The Mental Health Foundation introduced a Mental Health Fringe Award last year, a prize for a work of outstanding artistic merit on the subject. But Eaton-Lewis said that working to break the silence around the topic is less of a priority for him now that so many artists talk about it openly. He is now more concerned with the mental well-being of the artists themselves, he said.

“Doing an intimate show about a traumatic experience on the Edinburgh Fringe is the most stressful environment for a show, probably in the world,” he said.

Eaton-Lewis is also organizing a workshop for performers called “Mental Health Is a Fringe Issue,” providing an opportunity to talk through both the Fringe experience and how to make theater about mental health. He said there were also free events organized by the festival itself, including “Conquering Performance Anxiety,” a session teaching practical mindfulness, breathing and meditation, and “A Mentally Well Fringe,” a series of therapeutic drop-in sessions.

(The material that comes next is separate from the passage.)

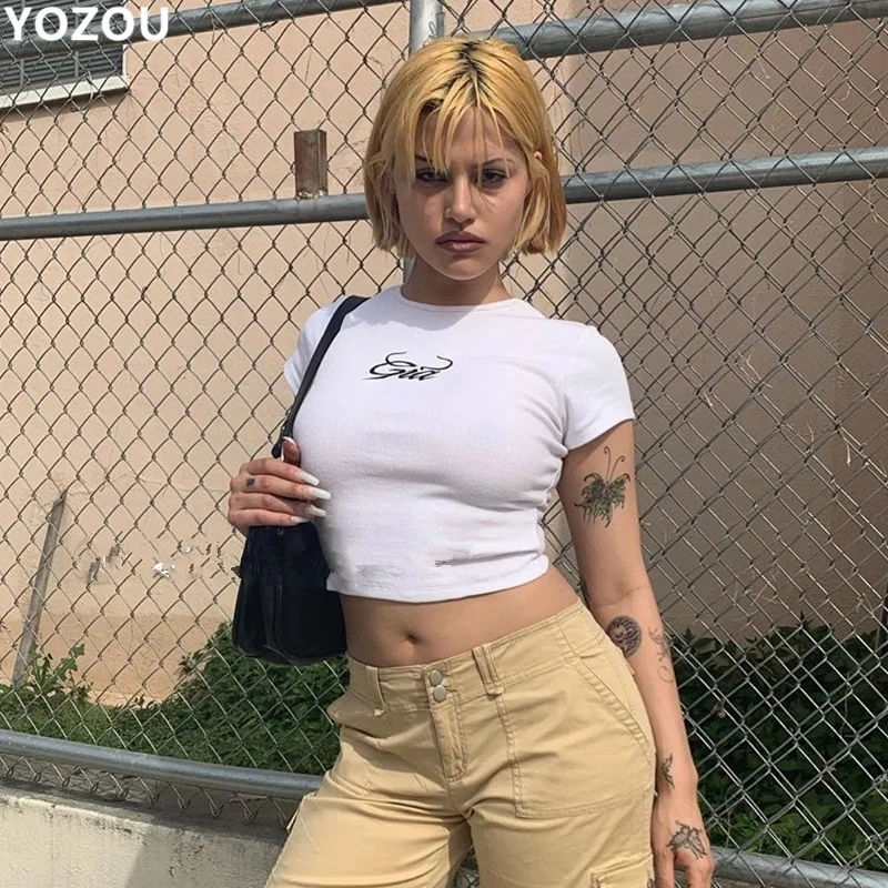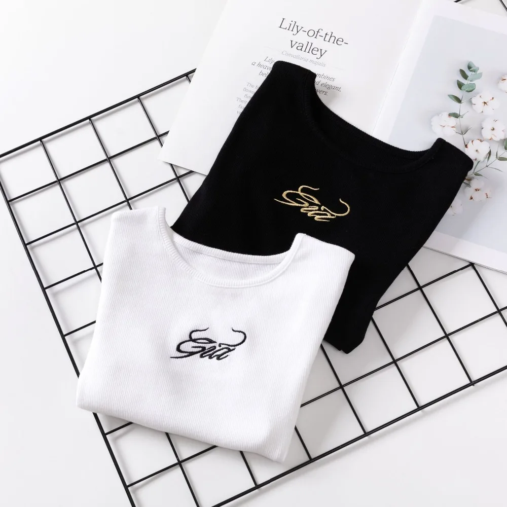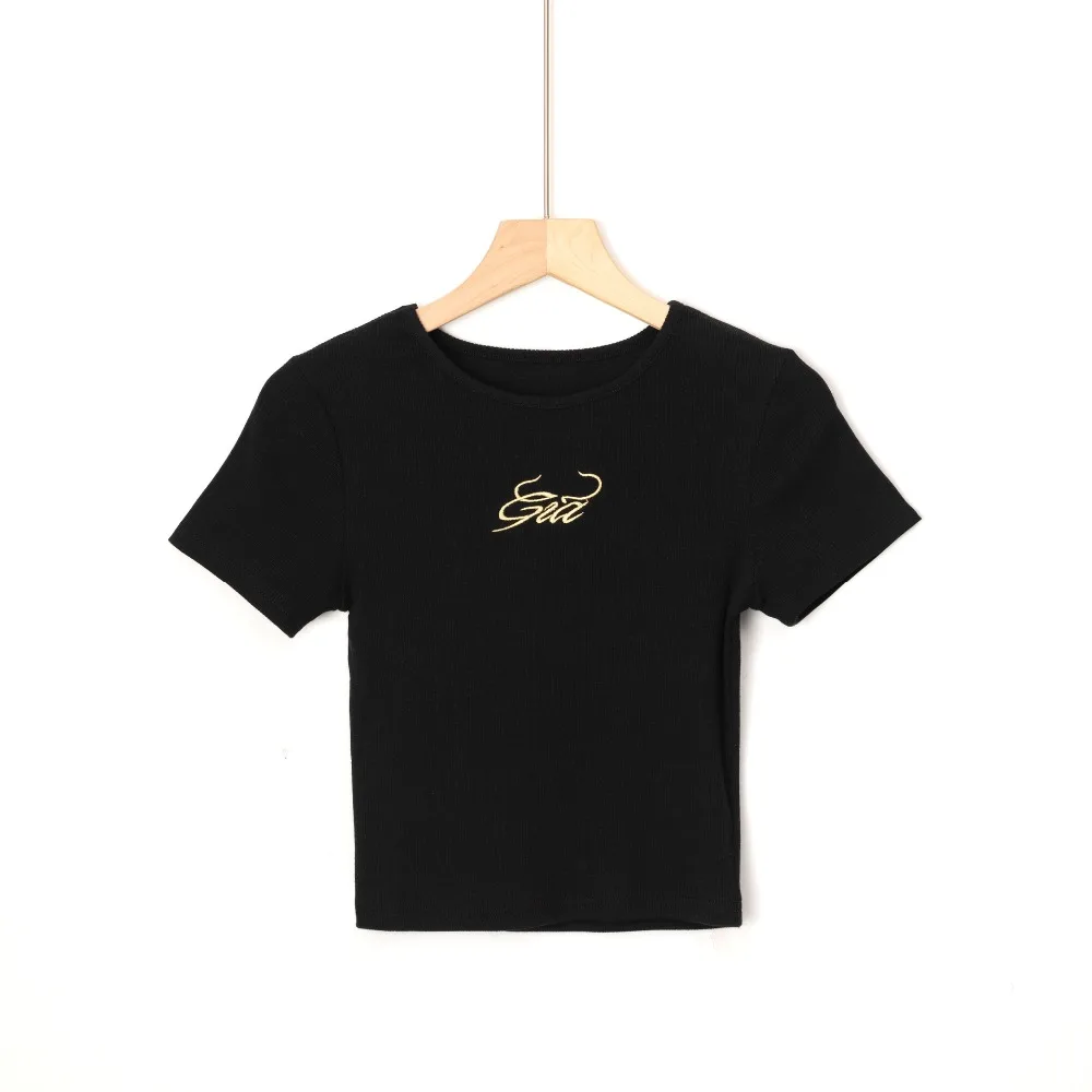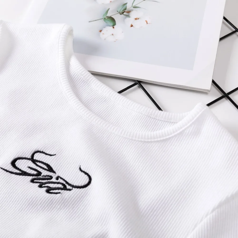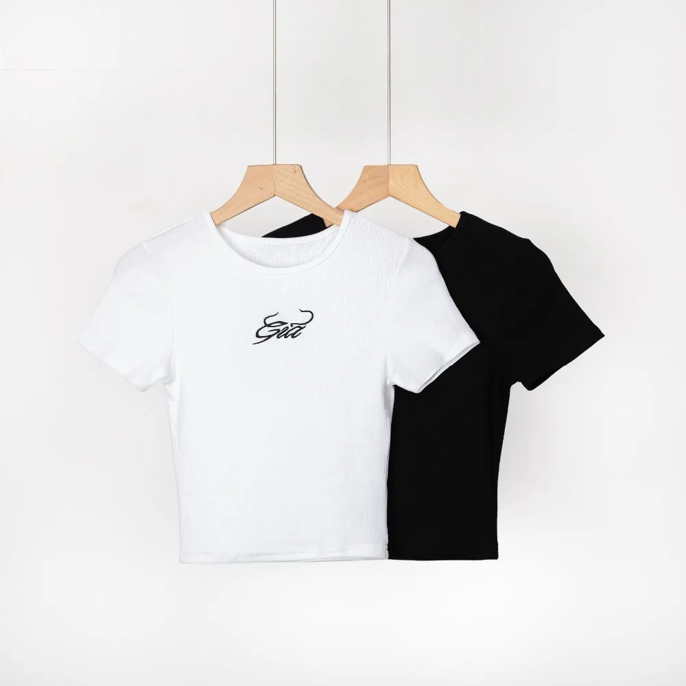 Женская футболка с коротким рукавом, вышивкой и надписью gia, укороченный топ, Винтажная Футболка 90-х, Повседневная однотонная летняя футболка для женщин

Ultimately, though, there is no safety net. The Fringe is tough, and performing personal work can be painful. Eaton-Lewis pointed to the success of the 2017 festival’s breakout star, Hannah Gadsby, and her searing show “Nanette,” which became a hit for Netflix after it was recorded at the Sydney Opera House in Australia. “You just hope that somebody making a show like that is able to take care of themselves through that process,” he said. (Gadsby planned to perform at this year’s Fringe, but she pulled out in June, citing scheduling conflicts.)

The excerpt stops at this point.